Greater Vancouver Water District v. North American Pipe & Steel Ltd., 2012 BCCA 337

Summary

The recent British Columbia Court of Appeal case of Greater Vancouver Water District v. North American Pipe & Steel Ltd. provides a very good reminder to suppliers of the risks of providing warranties in supply contracts. 

The key lesson from the decision is that where a supplier is making a product to the design specifications of the buyer, the supplier must take extra care with respect to any warranties or guarantees relating to the design or fitness of the product. Suppliers must decide—before they bid for, or enter into, the contract—whether they are prepared to warrant the design and fitness of the product when they have limited information respecting the adequacy of the design. Suppliers who contractually guarantee the design or fitness of their products in such circumstances will effectively assume legal risk over aspects of the project outside of their control—likely without any payment in return. It is recommended that suppliers manufacturing products to the buyer's specifications do not contractually guarantee the adequacy of the buyer's design or the fitness of the product when incorporated into the larger project unless they are prepared, and insured, to assume such a risk.

Background

Through a tendering process, North American Pipe & Steel Ltd. ("NAP") was awarded a contract to supply water pipes for two projects in Vancouver owned by the Greater Vancouver Water District ("GVWD"). The supply contract required the pipes to be manufactured according to GVRD's design specifications. NAP warranted that the pipes would be free of defects, including defects related to design. The pipes were manufactured in Korea. GVWD examined, tested and approved the pipes during their manufacture. The pipes were also inspected by GVWD on delivery and found to be acceptable.

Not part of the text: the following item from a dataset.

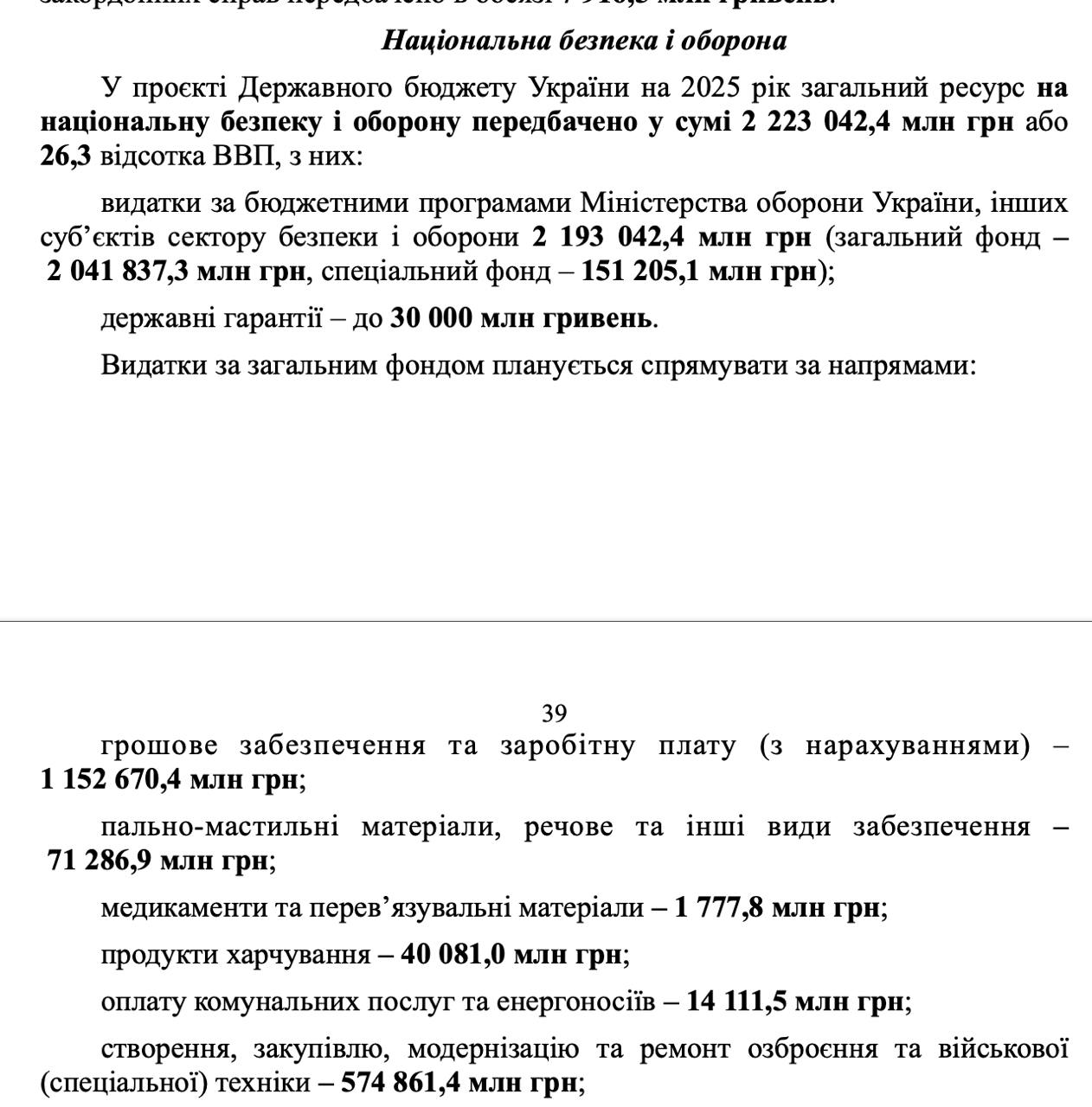 Там говорится, что общие расходы на сектор обороны составят 2,22 триллиона гривен. Из них почти половина - 1,1 триллиона - пойдет на зарплаты и почти 575 миллиардов - на производство, закупки и ремонт военной техники.

During installation, it was determined that there were latent problems relating to the pipes' outer coating which made them potentially unusable for the project. GVWD refused to accept delivery of, or pay for, the pipes, until NAP fixed the problem. NAP performed certain remedial work under protest. GVRD sued NAP for breach of the supply agreement on the basis that the pipes were defective. NAP counterclaimed against GVWD for payment for the pipes plus the remediation costs on the basis that the pipes were made in accordance with GVRD's specifications and not defective.

Judgment at Trial

The trial was heard before Madame Justice Gerow. The judge found that the pipes were defective because the pipes' coating system did not work. However, the cause of the defect was found to be an inherent flaw in GVRD's design specifications as opposed to some manufacturing error by NAP. The court then looked at whether NAP was contractually liable for defects arising from GVRD's design where the contract required NAP to build the pipes to GVRD's specifications. The trial judge found that NAPs' contractual warranty was in conflict with NAP's obligation to build to GVRD's specifications and, as a result, it would be unfair to uphold the contractual warranty against NAP. The court therefore dismissed GVRD's claim and granted NAP judgment on its counterclaim in the amount of $3,899,857—GVRD appealed.

Court of Appeal

The court of appeal characterized the issue on appeal as follows: "This appeal essentially concerns the legal question whether the judge erred in refusing to hold the supplier to its contractual warranty". The court of appeal overturned the decision of the trial judge on the basis that the trial judge failed to properly apply the law as set out by the Supreme Court of Canada in Steel Co. of Canada v. Willand Management Ltd., [1966] 1 SCR 746. In that case, the Supreme Court held that where a supplier contractually guarantees that a product will be fit and without defect, and the product is defective, the supplier will be liable to the buyer even where the product was made according to the buyer's design. In this case, the court of appeal found that NAP had contractually assumed the risk for all defects in the pipes and simply because the defects arose due to the GVRD's flawed design did not mean the warranty did not apply.  In the view of the court of appeal, had NAP wanted to avoid this risk, it could have negotiated to do so before entering into the contract. The court of appeal allowed the appeal and remitted the case to the trial judge to determine the damages payable by NAP to GVRD for its breach of contract.

Recommendations

This case provides an excellent reminder of some of the risks facing product manufacturers and suppliers in supply contracts. To avoid the unhappy fate of NAP, we make the following recommendations to suppliers entering into supply contracts:

  1. expressly exclude the operation of the Sale of Goods Act/ International Sale of Goods Act in the contract;
  2. do not agree to assume liability for product design if you did not do the design;
  3. do not agree to assume liability for the fitness of the product when incorporated into the overall project unless you are certain of such fitness;
  4. if you do assume design liability, ensure that it is restricted to only the design you performed;
  5. if you do assume design or fitness liability, have the design and fitness comprehensively reviewed by an independent and insured designer before manufacture; and
  6. if you become aware of design or fitness problems during the course of construction, immediately notify the other contracting party, cease work, require a remedial direction and confirm that if you are required to proceed based on the suspect design, all design warranties will be voided if subsequent problems prove to be the result of a design flaw.